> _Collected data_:

[Start of Attachment]

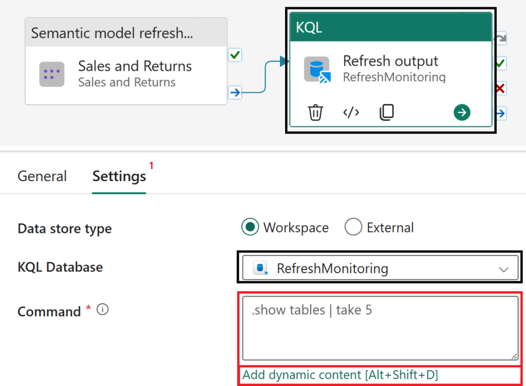 Select the KQL activity, navigate to Settings and choose your configured KQL Database in a Fabric Workspace (data store type). After configuring the settings, select the Command parameter input box and the Add dynamic content option once visible to insert a dynamic KQL query using the semantic model refresh activity's output.
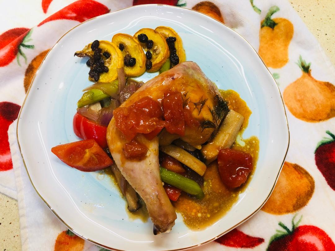 缤纷杂菜伴茄汁大鸡腿🍗,这里面有八种蔬菜哦……小朋友乖乖地全部吃完……😄
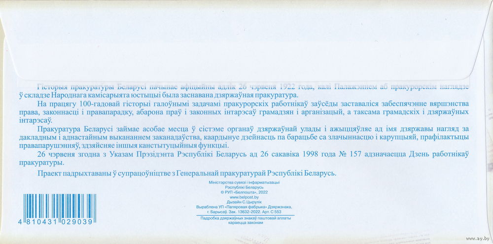 Беларусь 2022 ХМК с ОМ 100 лет белорусской прокуратуре (к4)
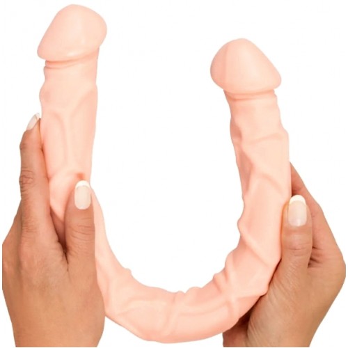 Двухголовый фаллос имеет рельефный ствол - множество венок по всей поверхности игрушки, а также четко-очерченные головки.
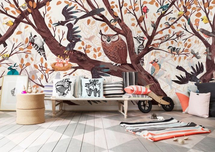 No less often, than reproduction of a laying, wall-paper with birds can be used. They create an interesting and unusual appearance. Images of birds will help to emotionally relax and relieve excessive mental stress. In addition, it is very beautiful, but only if the compositions are chosen correctly.
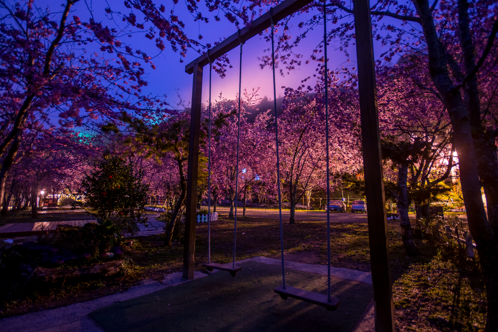 最特殊的,莫過於那許久未拍的夜櫻,正好彌補了白天沒有藍天下的對比。
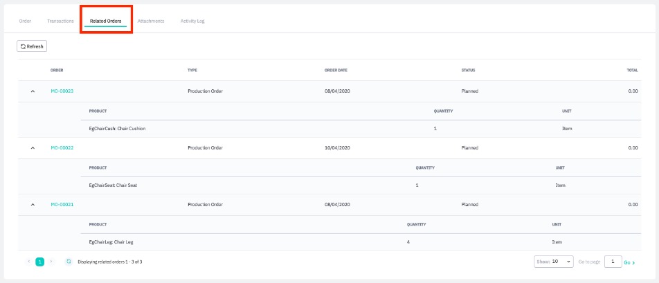 Related orders tab will show nested production orders for semi-finished components and for the next nested level up.
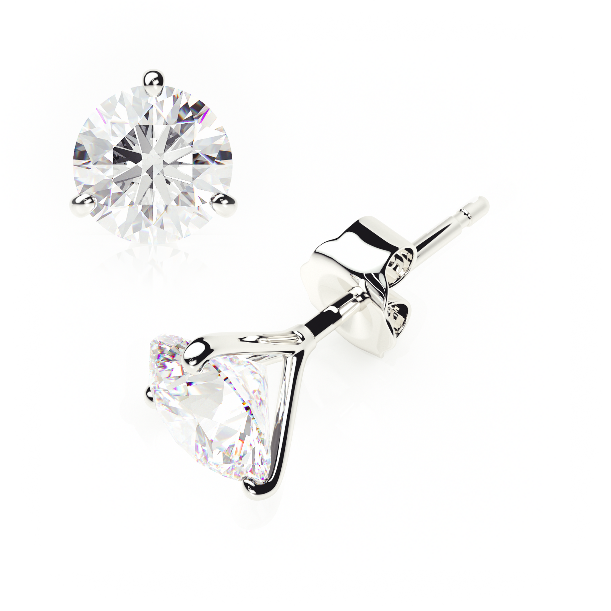 3 Claw Butterfly - Round Shape - 2 ct Diamond Stud Earrings
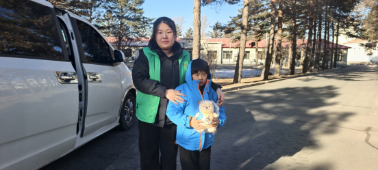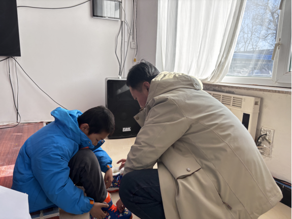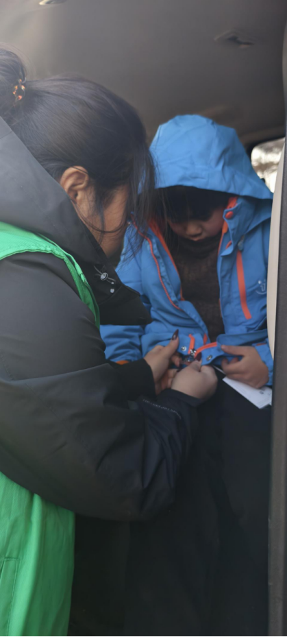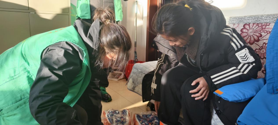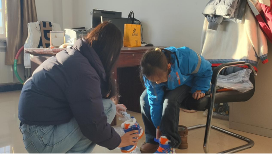 隨后,志愿者們驅車穿過積雪覆蓋的鄉間小路,抵達蓮花泡,志愿者們此行要為一位生活困難的兒童送去冬日的溫暖。當溫暖包被打開的瞬間,映入眼簾的是嶄新的沖鋒衣,志愿者細心為女孩試穿新衣服、新棉鞋,鞋子的厚度足以抵御北方嚴寒。女孩輕聲說道:"謝謝叔叔阿姨,這鞋子真暖和。"這句簡單的話語讓志愿者們倍感溫暖,所有的奔波勞累在那一刻都得到了慰藉。臨別時,志愿者們細心叮囑保暖事項,女孩穿著新衣服與志愿者揮手道別。夕陽的余暉灑在她身上,嶄新的冬裝映著雪光,構成這個冬天最溫暖的畫面。
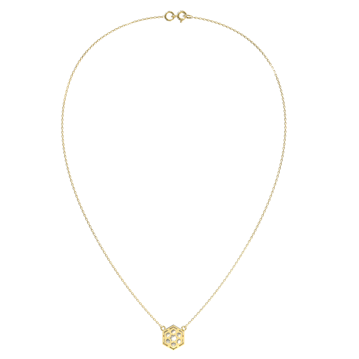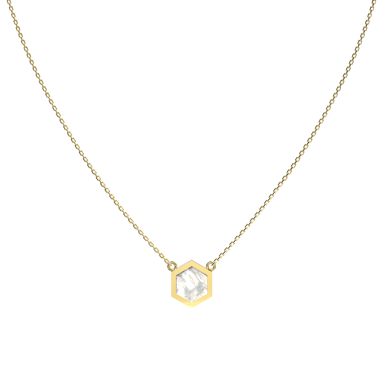 Элегантное колье из лимонного золота 585 пробы станет утонченным акцентом вашего образа. Дизайн украшения, вдохновленный концепцией молекулы, воплощает в себе гармонию строгих геометрических форм и природной мягкости. Центральным элементом ювелирного изделия выступает вставка из перламутра, выполненная в форме шестигранника. Нежное сияние перламутра идеально сочетается с теплым оттенком лимонного золота, создавая сбалансированную и притягательную композицию.
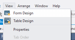 2.5.3.1. Go to Form Design by selecting View > Form Design, or by pressing the appropriate button in the toolbar;
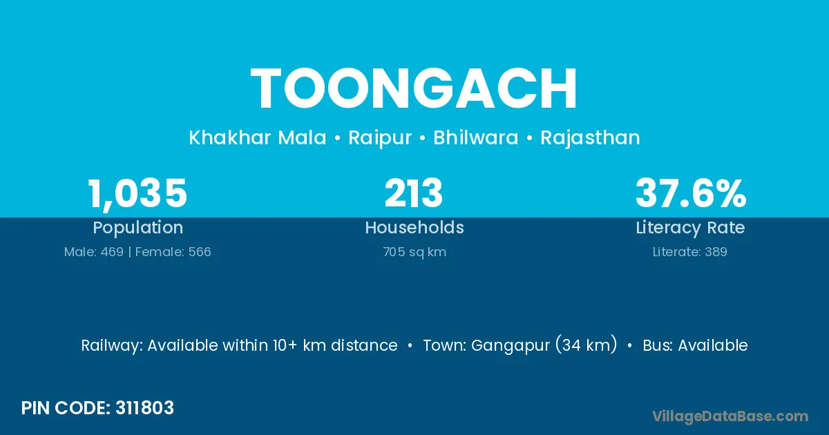 Gangapur (34 km) is the nearest town to Toongach village for major economic activities and is located approximately 34 km away.
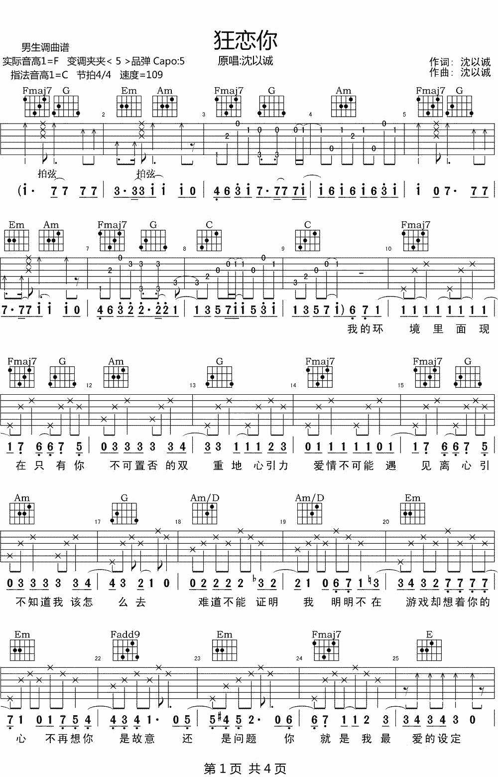 沈以诚《狂恋你》吉他谱...
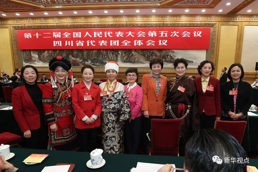四川是一個多民族聚居的省份。習近平走進會場時,身著民族服裝的藏族、彝族、羌族代表向總書記問好。藏族、羌族代表分別獻上了潔白的哈達和鮮艷的羌紅,表達對總書記的敬意,祝福中華民族繁榮昌盛。習近平請他們轉達對各族同胞的祝福。
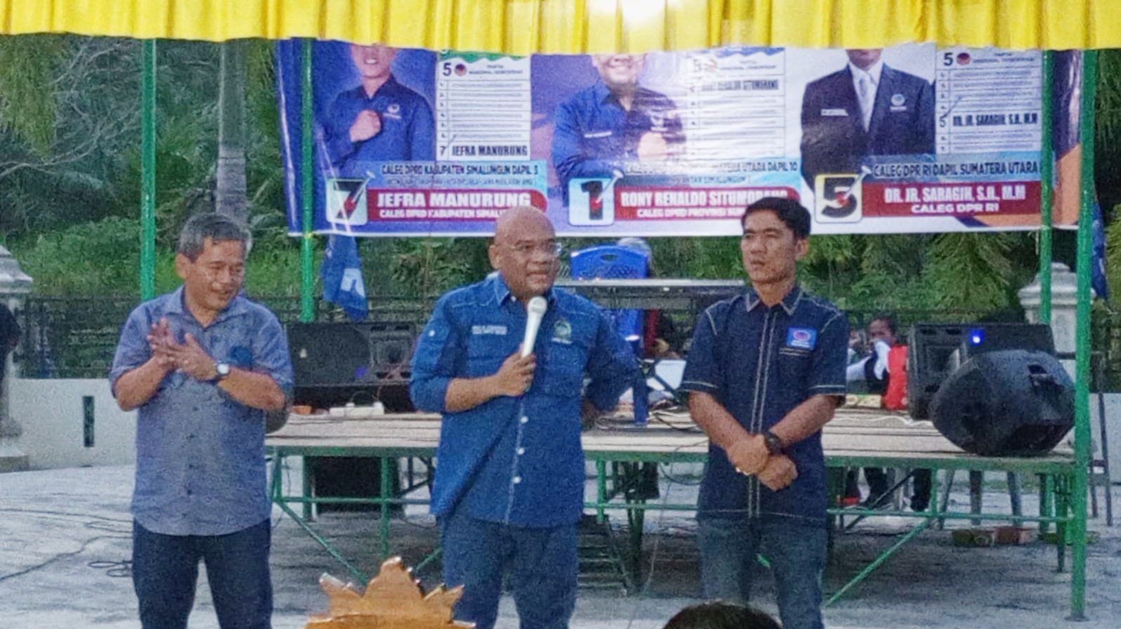 Sementara itu, Rony Situmorang Caleg DPRD Provinsi dengan penuh semangat menimpali penyampaian Jefra Manurung, dari informasi lembaga survei Partai Nasdem akan menjadi pemenang di Kabupaten Simalungun, jika itu benar, harapan kita Saudara Jefra Manurung mendapatkan suara tertinggi sehingga berhak menjadi Ketua DPRD Simalungun, setuju….! Teriak Rony Situmorang…. Para Pendukung yang hadir menjawab…. Setuju….. Seraya bertepuk tangan.
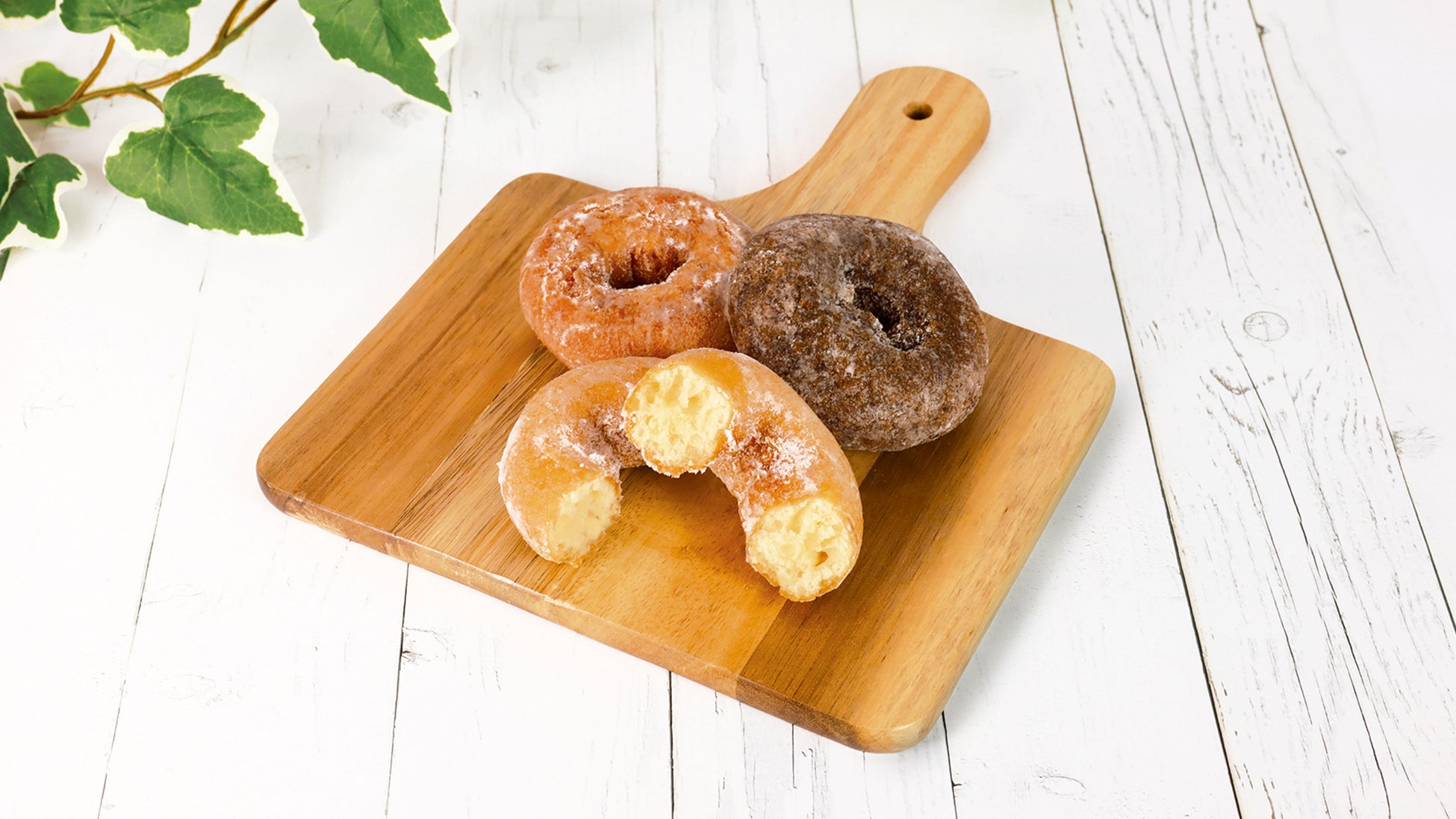 不二家の新ブランド「ペコちゃんmilkyドーナツ」です。米油でひとつひとつ丁寧に揚げた素朴で優しい味わいのドーナツです。「ミルキー」の風味をイメージした、軽いくちどけの不二家自慢のドーナツをお楽しみください。
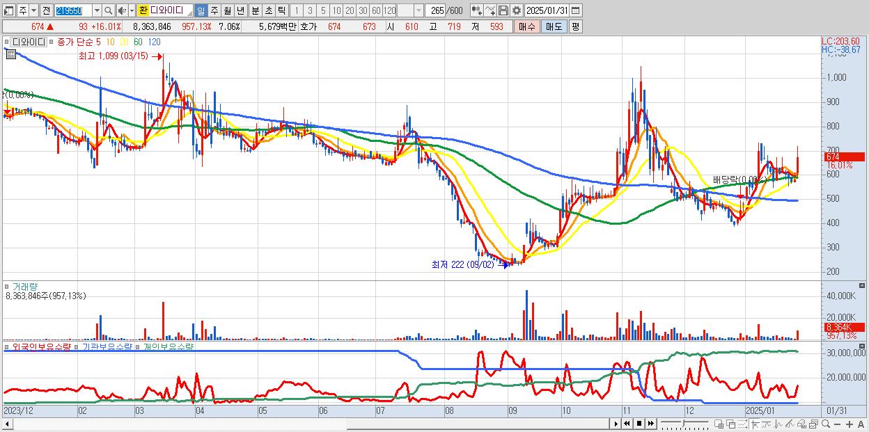 - 디와이디 (674원 ▲ 16.01% , 시총: 798억, 거래량: 8,363,846, 거래대금:57억)
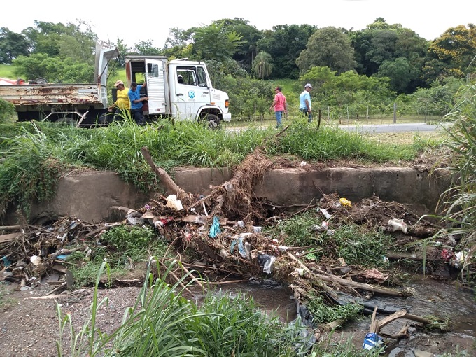 No bairro Itapuã, as esquipes fizeram a limpeza e desobstrução nas galerias do Córrego Itapuã,. No local havia muito lixo, entulho, pneus e madeiras diversas.
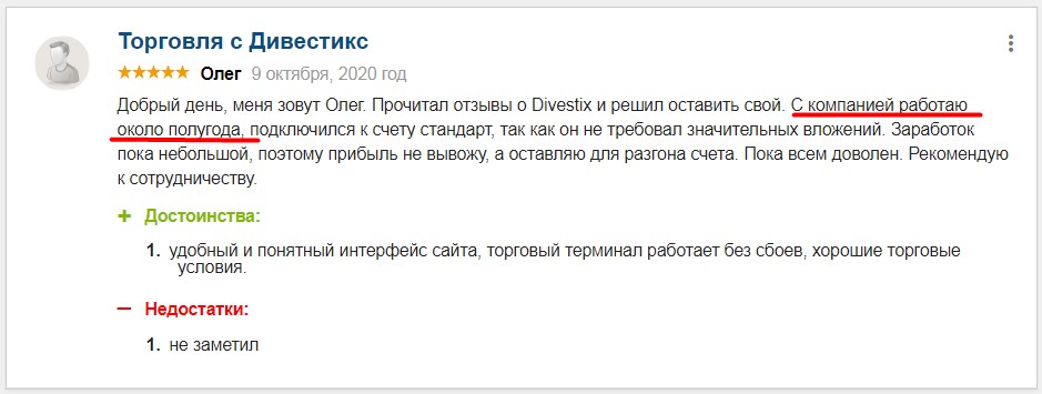 Персонаж под ником Олег утверждает, что торгует с Дивестикс полгода, однако в то время данного проекта еще не существовало. Подобные вау!-отзывы сами же мошенники и пишут.
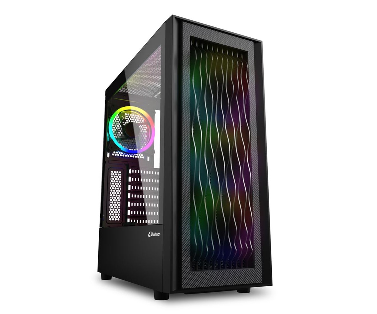Nouveauté entrée de gamme pour Sharkoon avec le boitier RGB Wave, mais… Quel design sympathique ! Car si de face le boitier est relativement classique avec une façade en mesh parcourue par des barres verticales en plastique, celles-ci montrent leurs formes une fois le boitier légèrement de côté : des vagues, avec un éclairage RGB qui va se refléter dessus.
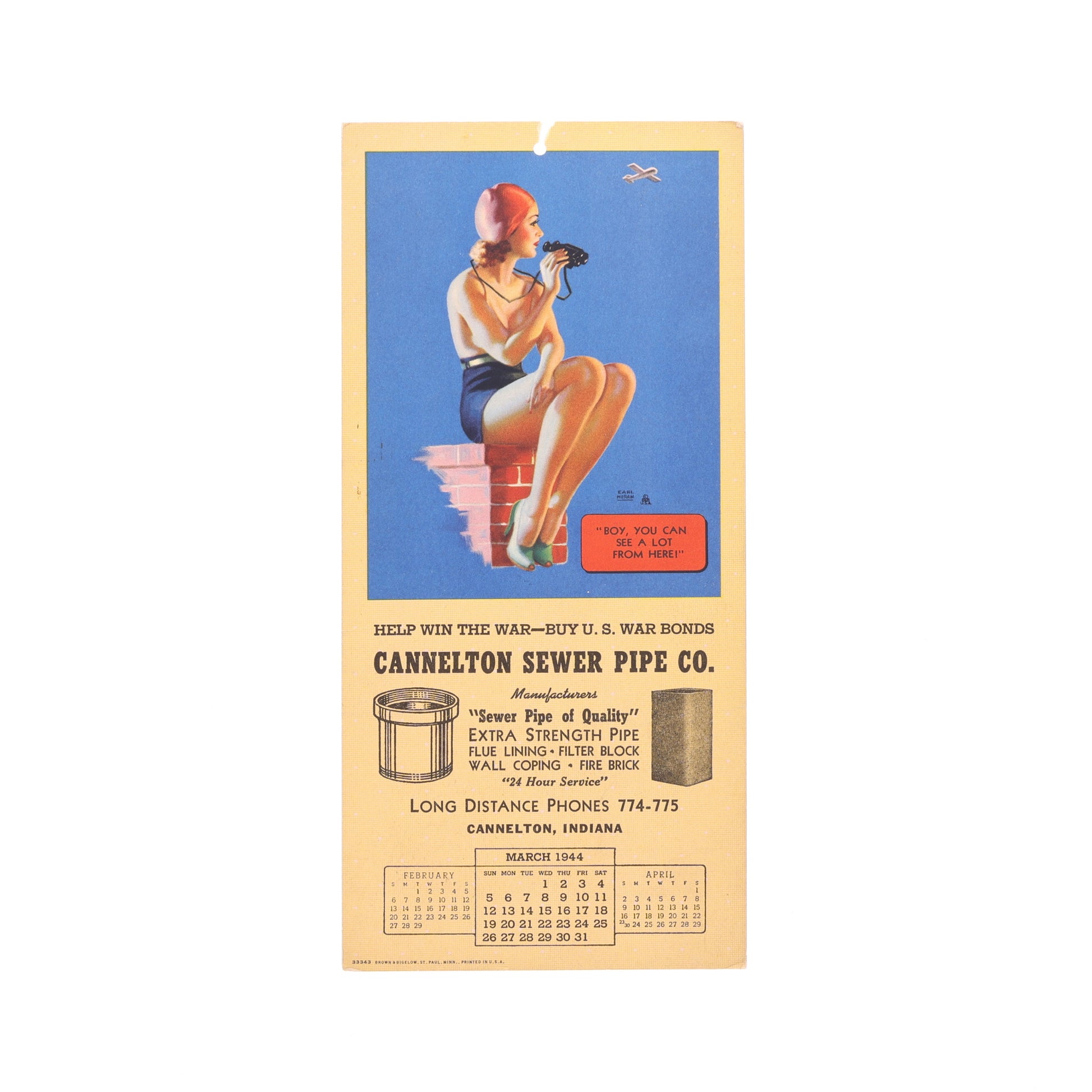 This is an original WWII U.S. pin-up girl calendar produced by Cannelton Sewer Pipe Co. of Cannelton, Indiana. Its colorful illustration depicts a young brunette swimsuit model above an advertisement for U.S. war bonds. The calendar covers February, March and April of 1944. It is constructed of cardstock and measures approximately 4.75 inches wide and 10 inches tall.

[End of Attachment]

> _Assignment_: Repeat exactly the lines from the first line of the records above through the line containing "Двухголовый фаллос имеет", leaving out the pictures.

> _Answer to the problem_:
 Select the KQL activity, navigate to Settings and choose your configured KQL Database in a Fabric Workspace (data store type). After configuring the settings, select the Command parameter input box and the Add dynamic content option once visible to insert a dynamic KQL query using the semantic model refresh activity's output.
 缤纷杂菜伴茄汁大鸡腿🍗,这里面有八种蔬菜哦……小朋友乖乖地全部吃完……😄
 Беларусь 2022 ХМК с ОМ 100 лет белорусской прокуратуре (к4)
 Двухголовый фаллос имеет рельефный ствол - множество венок по всей поверхности игрушки, а также четко-очерченные головки.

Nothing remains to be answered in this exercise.